Deadlock in chan_sip - core show locks shows do_monitor lock

    Details

    • Type: Bug Bug
    • Status: Closed
    • Severity: Major Major
    • Resolution: Fixed
    • Affects Version/s: 13.6.0
    • Target Release Version/s: 13.12.0, 14.1.0, 15.0.0
    • Security Level: None
    • Labels:
      None
    • Environment:
      Debian 8 and Ubuntu 14.04.3.
      Asterisk latest 13.6.0 from Git.
      Realtime using odbc/mysql
    • Regression:
      Yes

      Description

      I am trying to bring a new server into an existing cluster of Asterisk boxes and I keep getting the same problem.

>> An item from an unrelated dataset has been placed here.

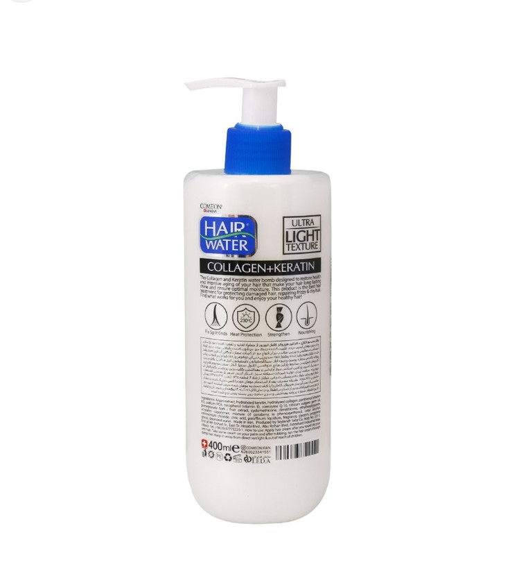 وز شدن، خشکی و تغییر رنگ موها بر اثر حرارت سشوارها یا حالت دهندهها مشکلات شایعی هستند که برای رفع آن باید چارهای اندیشید. واتر بمب کامان، محصولی منحصر به فرد است که با دارا بودن کلاژن و کراتین از موها در برابر آسیب رنگ و خشکی محافظت میکند. واتر بمب کامان، حاوی ترکیبات موثر کراتین هیدرولیز شده و عصاره های جوانه گندم، عصاره آرگان و عصاره پوست و میوه انارکراتین هیدرولیز شده است که در ترمیم و تغزیه مو، آبرسانی به بافت مو جهت رفع وزی و خشکی آن موثر است. یکی از مزایای خرید واتر بمب کامان، جلوگیری از تغییر رنگ موها و کمرنگ شدن آن است. فرمولاسیون این محصول بسیار سبک است و به هیچ عنوان چربی اضافه روی سر احساس نخواهید کرد. کلاژن و کراتین به کار رفته در این محصول، سبب استحکام و تقویت تارهای مو شده و از ایجاد موخوره وشکننده شدن موها جلوگیری میکند

      Servers are all behind a Kamailio LB, and when I add this new server to the dispatcher group, kamailio starts sending REGISTER and SUBSCRIBE requests to the new server. After a few minutes chan_sip just hangs, no longer processing any traffic at all. Nothing shows up in the logs, and Asterisk itself is still running. I can see the incoming SIP packets using sngrep, but Asterisk does not see them.

      I have tried this on KVM and Openvz virtual servers as well as physical servers, and have tried both Debian 8 and Ubuntu 14.04 with the exact same results.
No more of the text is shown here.